Ohio State Alum Lauded for Helping Launch Biotech Industry, Genomics Revolution

Thomas Brock Will Receive Golden Goose Award at Sept. 19 Event in Washington, D.C.

COLUMBUS, Ohio—For his discovery of a bacterium that enabled the first DNA fingerprinting, microbiologist and Ohio State University alumnus Thomas Brock has been honored with the Golden Goose Award.

The award honors scientists “whose federally funded research may not have seemed to have significant practical applications at the time it was conducted, but has resulted in tremendous societal and economic benefit,” according to the award program’s founders.

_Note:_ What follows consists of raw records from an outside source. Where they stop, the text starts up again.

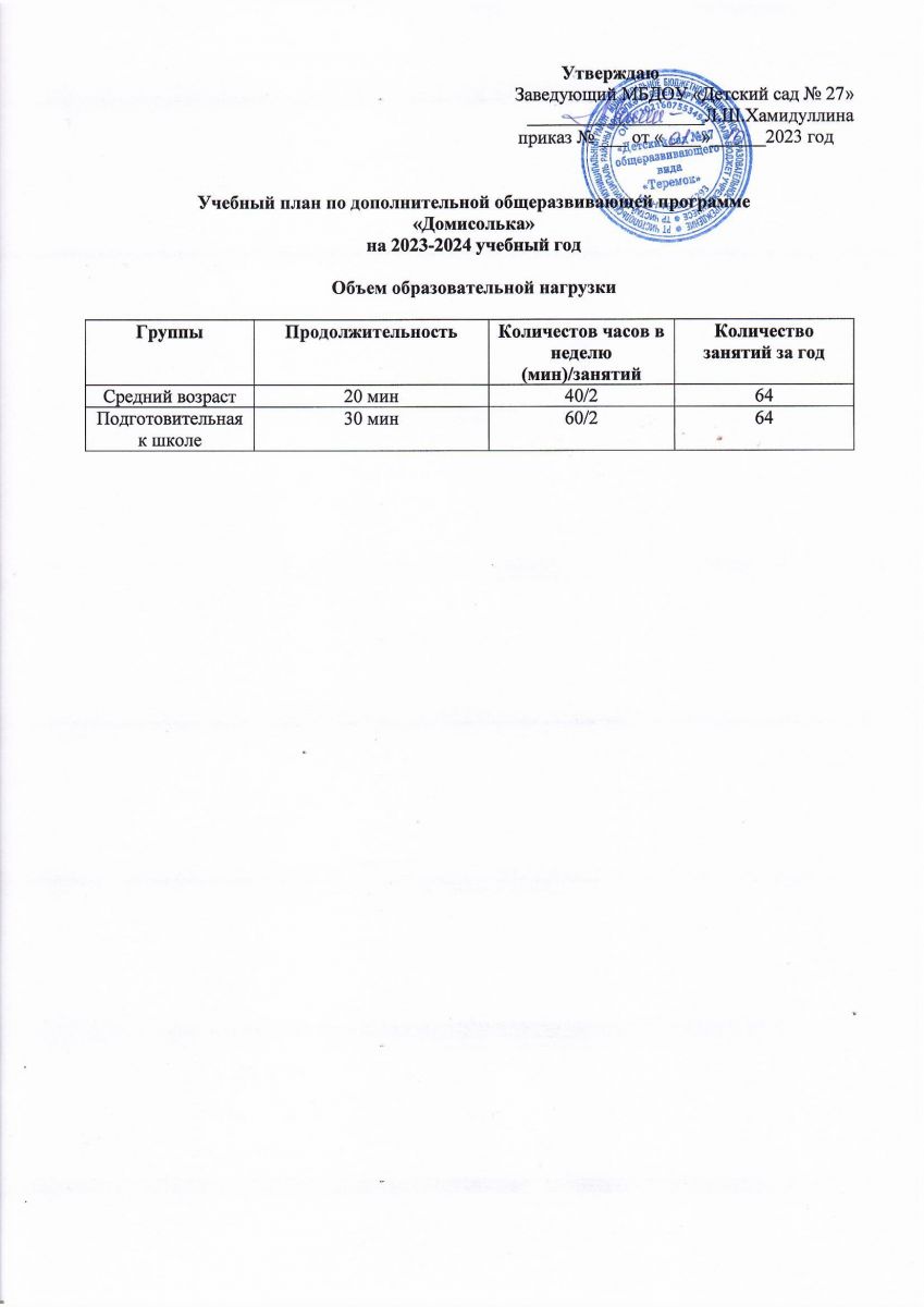 Учебный план по доплнительной общеразвивающей прграммы "Домисолька" на 2023-2024 учебный год
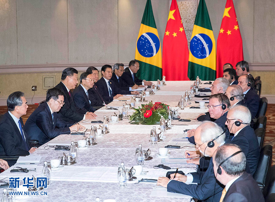習近平強調(diào),中巴雙方要加強對兩國各領域交流合作的引領和協(xié)調(diào),促進貿(mào)易自由化便利化,推動雙邊貿(mào)易高質(zhì)量增長,積極探討“一帶一路”倡議同巴西“投資伙伴計劃”等發(fā)展規(guī)劃對接,推進標志性項目,拓展創(chuàng)新合作,密切人文交流。中方愿同巴方攜手推進中拉整體合作,推動中國同葡萄牙語國家經(jīng)貿(mào)合作邁上新臺階。中方支持巴方辦好下屆金磚國家領導人會晤。
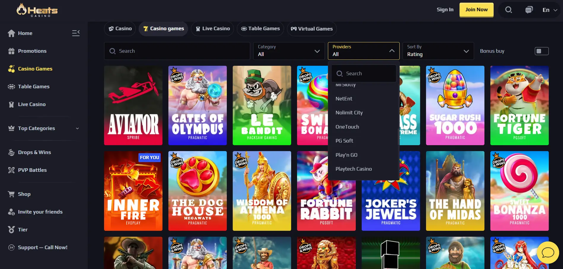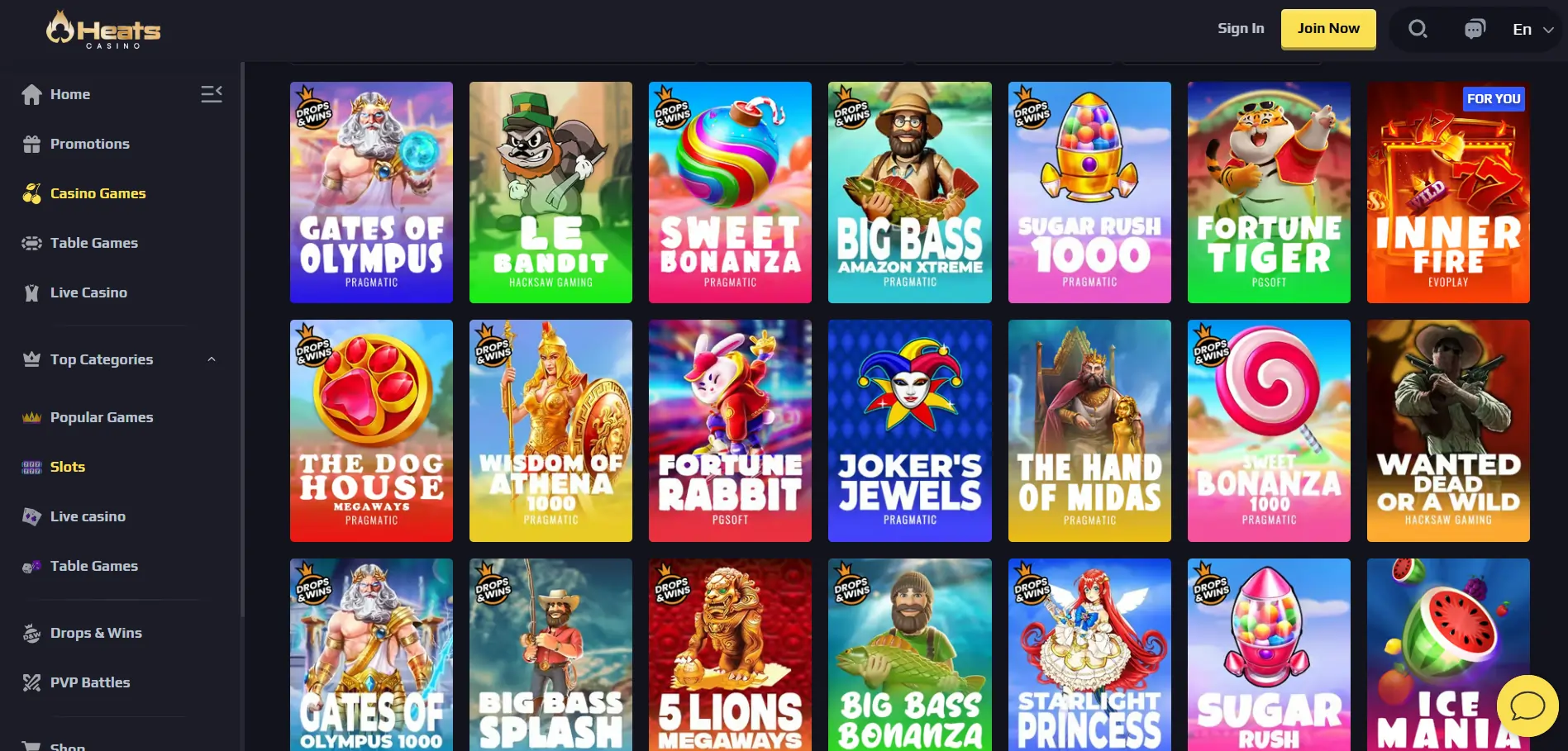 „HeatsCasino“ žaidimų automatų skyriuje yra daugiau nei 3 000 įvairių kategorijų lošimo automatų su įdomiomis funkcijomis. Kaip jau minėta, žaidimai yra iš pripažintų paslaugų teikėjų, todėl daugelio žaidimų RTP rodiklis siekia 96 % ir daugiau.

With funding from the National Science Foundation, Brock and his then-undergraduate research assistant Hudson Freeze ventured to a colorful hot spring in Yellowstone National Park in 1967, where they discovered a hearty species of bacteria that could thrive in water hot enough to kill other forms of life. They named the species Thermus aquaticus, and studied the enzymes it produced.

Those enzymes turned out to be durable enough to survive other scientists’ use of the high heat required to copy and study the bacterium’s DNA—the first effort in research that would launch the biotech industry, genomics and countless medical advances since.

Brock entered Ohio State in 1946, and subsequently earned bachelor’s, master’s and Ph.D. degrees in botany. He graduated in 1952.

The award was founded by a partnership of universities, think tanks and businesses in 2012, and is supported by a bipartisan group of members of Congress, all of whom “believe that federally funded basic scientific research is the cornerstone of American innovation and essential to our economic growth, health, global competitiveness and national security.” More information can be found at http://www.goldengooseaward.org.

The newly announced awardees, or their designees, will receive their awards at the second annual Golden Goose Awards ceremony in Washington, D.C., on Sept. 19.